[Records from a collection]
::::

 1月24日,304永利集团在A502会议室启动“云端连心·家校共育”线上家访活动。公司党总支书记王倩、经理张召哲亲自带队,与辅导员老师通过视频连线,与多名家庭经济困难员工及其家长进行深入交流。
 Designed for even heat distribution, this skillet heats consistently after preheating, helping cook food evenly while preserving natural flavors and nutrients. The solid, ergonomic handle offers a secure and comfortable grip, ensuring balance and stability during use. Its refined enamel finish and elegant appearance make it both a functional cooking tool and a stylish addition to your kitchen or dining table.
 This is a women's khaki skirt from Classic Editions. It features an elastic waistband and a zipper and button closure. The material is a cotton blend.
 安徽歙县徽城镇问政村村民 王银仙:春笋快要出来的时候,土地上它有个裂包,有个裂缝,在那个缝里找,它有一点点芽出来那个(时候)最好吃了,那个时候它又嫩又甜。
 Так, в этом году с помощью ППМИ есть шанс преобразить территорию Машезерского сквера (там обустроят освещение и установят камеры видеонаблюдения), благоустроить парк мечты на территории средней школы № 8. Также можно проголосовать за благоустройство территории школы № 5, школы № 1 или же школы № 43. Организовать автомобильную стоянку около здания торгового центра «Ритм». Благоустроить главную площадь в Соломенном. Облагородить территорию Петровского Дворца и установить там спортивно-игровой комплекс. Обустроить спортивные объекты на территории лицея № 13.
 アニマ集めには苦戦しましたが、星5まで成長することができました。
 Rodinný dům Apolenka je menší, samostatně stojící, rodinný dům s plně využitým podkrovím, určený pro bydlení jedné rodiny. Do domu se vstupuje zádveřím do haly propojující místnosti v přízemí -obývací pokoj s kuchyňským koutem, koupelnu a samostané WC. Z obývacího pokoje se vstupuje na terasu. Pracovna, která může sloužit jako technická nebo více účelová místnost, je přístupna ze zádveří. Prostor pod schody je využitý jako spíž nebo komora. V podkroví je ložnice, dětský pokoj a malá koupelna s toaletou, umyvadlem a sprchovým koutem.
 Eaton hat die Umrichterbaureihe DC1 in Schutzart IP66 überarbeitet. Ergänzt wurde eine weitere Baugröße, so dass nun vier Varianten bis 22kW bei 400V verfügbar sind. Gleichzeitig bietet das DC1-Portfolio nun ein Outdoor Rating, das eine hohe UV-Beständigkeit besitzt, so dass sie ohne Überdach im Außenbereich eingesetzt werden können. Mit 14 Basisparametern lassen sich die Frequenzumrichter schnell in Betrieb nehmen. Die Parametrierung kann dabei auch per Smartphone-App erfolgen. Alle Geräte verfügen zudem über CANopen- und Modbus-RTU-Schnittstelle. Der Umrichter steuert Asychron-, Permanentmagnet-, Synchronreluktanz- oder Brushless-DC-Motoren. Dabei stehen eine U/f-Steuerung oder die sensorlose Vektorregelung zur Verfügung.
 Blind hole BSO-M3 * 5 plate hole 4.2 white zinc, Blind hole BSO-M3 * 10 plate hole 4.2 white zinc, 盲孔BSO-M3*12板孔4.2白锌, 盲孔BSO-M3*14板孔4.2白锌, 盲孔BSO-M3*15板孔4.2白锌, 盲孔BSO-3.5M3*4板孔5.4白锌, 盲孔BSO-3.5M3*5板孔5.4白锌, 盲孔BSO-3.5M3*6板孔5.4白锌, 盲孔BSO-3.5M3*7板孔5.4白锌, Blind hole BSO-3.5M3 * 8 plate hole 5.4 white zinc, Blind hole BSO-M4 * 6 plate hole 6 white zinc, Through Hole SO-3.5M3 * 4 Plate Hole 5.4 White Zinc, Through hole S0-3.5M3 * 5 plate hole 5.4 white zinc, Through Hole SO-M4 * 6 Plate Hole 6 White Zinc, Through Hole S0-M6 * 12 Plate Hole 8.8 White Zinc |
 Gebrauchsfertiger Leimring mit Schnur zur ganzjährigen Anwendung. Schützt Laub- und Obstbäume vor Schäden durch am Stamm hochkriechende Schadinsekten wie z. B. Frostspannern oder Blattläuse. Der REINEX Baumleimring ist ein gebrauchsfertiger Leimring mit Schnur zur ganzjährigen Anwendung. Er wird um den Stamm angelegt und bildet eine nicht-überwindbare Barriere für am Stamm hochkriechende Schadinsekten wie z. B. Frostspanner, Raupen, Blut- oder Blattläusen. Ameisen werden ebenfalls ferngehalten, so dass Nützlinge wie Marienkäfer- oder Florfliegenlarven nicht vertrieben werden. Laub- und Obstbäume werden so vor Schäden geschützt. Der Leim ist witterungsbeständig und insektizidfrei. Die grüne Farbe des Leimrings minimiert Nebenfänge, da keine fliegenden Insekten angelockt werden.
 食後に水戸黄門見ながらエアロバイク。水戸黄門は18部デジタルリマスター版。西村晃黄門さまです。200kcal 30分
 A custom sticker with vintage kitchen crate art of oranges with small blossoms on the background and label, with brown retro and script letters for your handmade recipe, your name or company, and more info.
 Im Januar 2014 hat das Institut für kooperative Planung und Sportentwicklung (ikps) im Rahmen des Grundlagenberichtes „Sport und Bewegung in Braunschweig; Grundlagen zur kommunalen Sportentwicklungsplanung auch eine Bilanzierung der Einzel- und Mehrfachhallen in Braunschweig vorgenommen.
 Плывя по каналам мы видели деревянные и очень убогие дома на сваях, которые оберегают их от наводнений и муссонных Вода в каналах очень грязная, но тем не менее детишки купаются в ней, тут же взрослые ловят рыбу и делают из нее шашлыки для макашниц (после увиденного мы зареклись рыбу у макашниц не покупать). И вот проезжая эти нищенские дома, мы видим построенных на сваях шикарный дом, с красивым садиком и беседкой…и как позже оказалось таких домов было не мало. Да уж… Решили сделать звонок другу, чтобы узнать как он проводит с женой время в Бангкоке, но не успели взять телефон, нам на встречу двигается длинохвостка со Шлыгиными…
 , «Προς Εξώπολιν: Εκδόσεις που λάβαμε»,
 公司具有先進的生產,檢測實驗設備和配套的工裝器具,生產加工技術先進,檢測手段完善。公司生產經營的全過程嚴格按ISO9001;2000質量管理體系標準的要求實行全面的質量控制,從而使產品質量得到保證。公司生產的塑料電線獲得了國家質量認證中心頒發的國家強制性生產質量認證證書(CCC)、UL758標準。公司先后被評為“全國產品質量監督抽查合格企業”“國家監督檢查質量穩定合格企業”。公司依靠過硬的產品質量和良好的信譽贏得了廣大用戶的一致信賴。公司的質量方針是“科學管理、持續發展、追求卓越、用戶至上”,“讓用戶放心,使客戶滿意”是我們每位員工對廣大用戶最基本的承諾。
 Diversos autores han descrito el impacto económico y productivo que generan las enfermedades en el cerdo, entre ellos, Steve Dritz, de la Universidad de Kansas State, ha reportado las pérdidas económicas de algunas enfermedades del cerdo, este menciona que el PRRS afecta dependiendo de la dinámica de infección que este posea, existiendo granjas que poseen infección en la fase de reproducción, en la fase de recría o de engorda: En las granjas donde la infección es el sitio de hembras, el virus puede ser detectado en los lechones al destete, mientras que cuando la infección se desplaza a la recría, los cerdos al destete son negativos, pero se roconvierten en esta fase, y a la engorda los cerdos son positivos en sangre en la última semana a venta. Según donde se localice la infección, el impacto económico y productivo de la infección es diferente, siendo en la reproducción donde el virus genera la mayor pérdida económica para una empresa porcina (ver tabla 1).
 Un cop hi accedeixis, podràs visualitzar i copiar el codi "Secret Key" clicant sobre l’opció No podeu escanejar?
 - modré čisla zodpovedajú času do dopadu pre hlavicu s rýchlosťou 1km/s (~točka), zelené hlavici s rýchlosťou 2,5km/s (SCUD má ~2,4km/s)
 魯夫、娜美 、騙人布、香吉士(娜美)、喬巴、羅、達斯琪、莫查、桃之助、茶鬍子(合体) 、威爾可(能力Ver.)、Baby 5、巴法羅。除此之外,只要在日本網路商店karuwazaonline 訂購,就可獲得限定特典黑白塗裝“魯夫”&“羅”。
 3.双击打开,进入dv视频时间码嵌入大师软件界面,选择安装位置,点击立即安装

::::

● EXERCISE DETAILS: A single number is the whole answer: please count how many lines of the records above include the string "kitchen".

● YOUR SOLUTION: 2